With the injectors out it spins over free enough so its not binding anywhere but with the injectors in it just sounds a bit odd. I'm 99% certain I've got the timing right on it, the cam hole lines up and the crank hole also lines up, its just the pump that's a bit weird. this is a picture of how I've got it.
But this is with the engine rotated 180 deg (I'm assuming the pump is the same size as the crank so that has turned 180 as well.
It has a timing notch in it that side as well, you can see a bit of blue paint on one side of the puilley so maybe that is the correct one to use but how critical is the pump timing anyway, diagbox sais there was 500psi or so in the rail and had the crank rpm about 280-300 however it says cam/crank corelation is out although my pins are bang on.

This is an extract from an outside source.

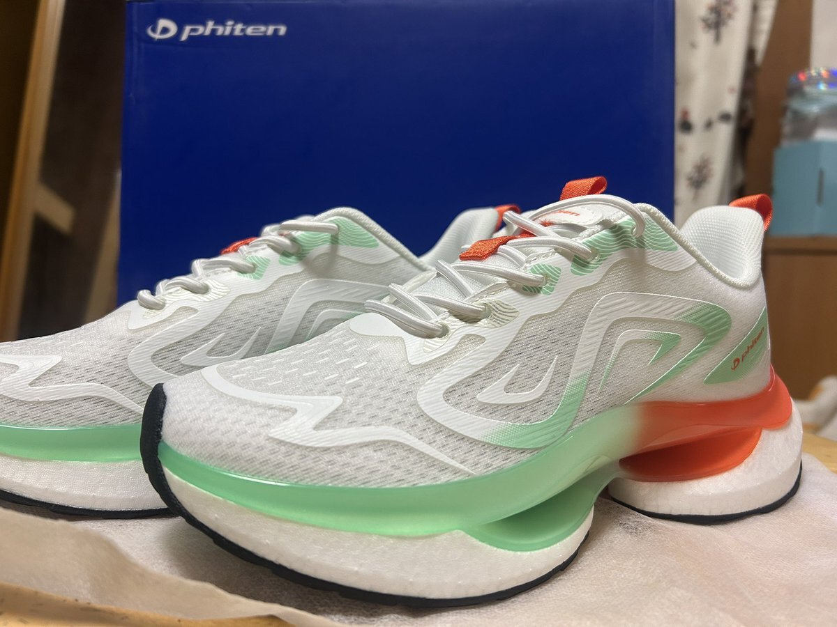 パンパカパーン✨ 念願のファイテンのスニーカーをお迎えしました🎉 愛用中のフワワちゃんもかなりクッション性が高いけど、これはそれよりも上かも。 『ポワリン』と命名しました♪ これをランニング用にしてフワワちゃんを通勤用にするか、さてどうしよう🤔 #phiten #ジョグ #ラン pic.x.com/uWzzZMeBeg

The only thing that is different is the crank pully, I damaged the reluctor ring taking the engine out so I got a whole new timing pully complete with relutor ring, the pully said it was compatible with my engine, the later one as the earlier pulleys look different of the 16 valves. But what I did notice was the reluctor ring is only pressed onto the timing sprocket and it came off my old pully quite easily with no way of getting it back in the right place again to ensure the timing hole is in the correct place.
This is my new pulley.
Is there any other way of confirming the timing is correct whilst the injectors are out other than using the pins? Seems stupid to have a ring that can come off the pully fairly easily with no way of getting it back in the right place again, the timing hole should have been through the pulley itself somewhere.